(Source data)
━━━━

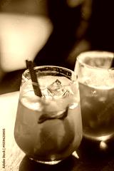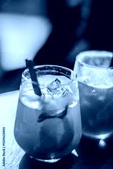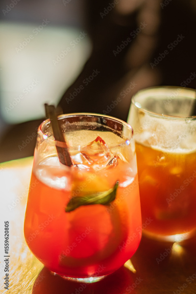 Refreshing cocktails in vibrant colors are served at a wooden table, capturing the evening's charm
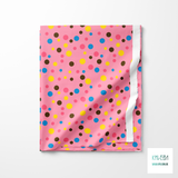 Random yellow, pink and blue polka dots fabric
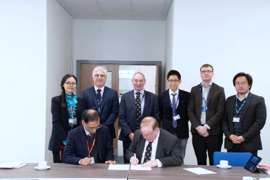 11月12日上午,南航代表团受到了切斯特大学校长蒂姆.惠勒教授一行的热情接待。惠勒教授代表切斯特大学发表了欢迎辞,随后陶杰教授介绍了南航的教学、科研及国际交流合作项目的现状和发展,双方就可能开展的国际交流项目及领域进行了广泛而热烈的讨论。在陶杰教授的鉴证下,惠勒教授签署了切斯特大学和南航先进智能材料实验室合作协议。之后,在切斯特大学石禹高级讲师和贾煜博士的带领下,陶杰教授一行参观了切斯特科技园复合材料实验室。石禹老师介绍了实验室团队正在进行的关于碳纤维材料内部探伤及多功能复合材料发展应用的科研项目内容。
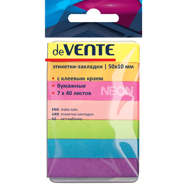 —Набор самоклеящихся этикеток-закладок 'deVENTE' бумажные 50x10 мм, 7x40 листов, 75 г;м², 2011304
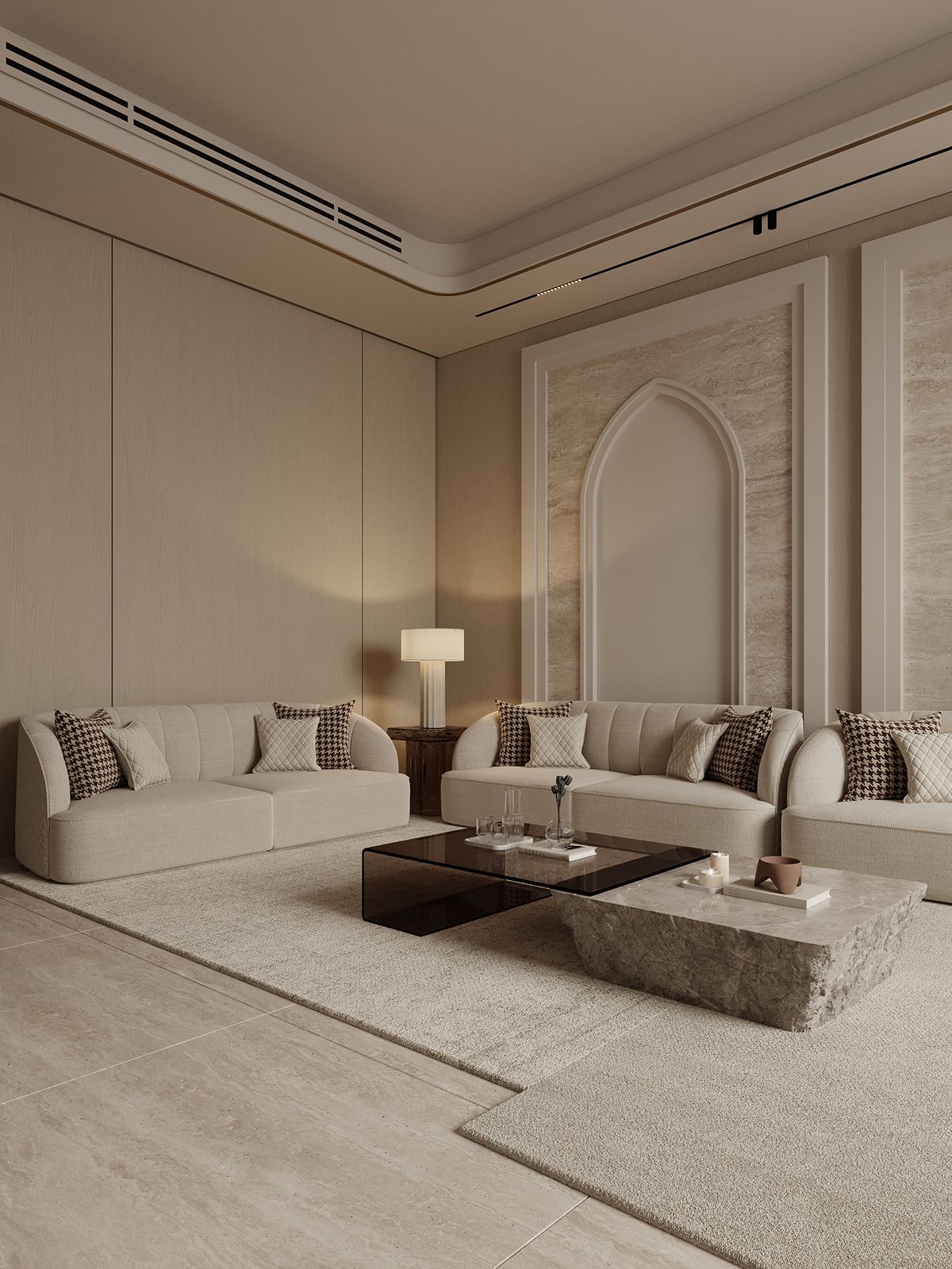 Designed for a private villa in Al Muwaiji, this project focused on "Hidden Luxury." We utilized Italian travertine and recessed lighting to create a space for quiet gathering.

━━━━

- [DESCRIPTION OF THE TASK]:
Strip the images and reproduce the remaining records precisely.

- [REPLY TO THE TASK]:
 Refreshing cocktails in vibrant colors are served at a wooden table, capturing the evening's charm
 Random yellow, pink and blue polka dots fabric
 11月12日上午,南航代表团受到了切斯特大学校长蒂姆.惠勒教授一行的热情接待。惠勒教授代表切斯特大学发表了欢迎辞,随后陶杰教授介绍了南航的教学、科研及国际交流合作项目的现状和发展,双方就可能开展的国际交流项目及领域进行了广泛而热烈的讨论。在陶杰教授的鉴证下,惠勒教授签署了切斯特大学和南航先进智能材料实验室合作协议。之后,在切斯特大学石禹高级讲师和贾煜博士的带领下,陶杰教授一行参观了切斯特科技园复合材料实验室。石禹老师介绍了实验室团队正在进行的关于碳纤维材料内部探伤及多功能复合材料发展应用的科研项目内容。
 —Набор самоклеящихся этикеток-закладок 'deVENTE' бумажные 50x10 мм, 7x40 листов, 75 г;м², 2011304
 Designed for a private villa in Al Muwaiji, this project focused on "Hidden Luxury." We utilized Italian travertine and recessed lighting to create a space for quiet gathering.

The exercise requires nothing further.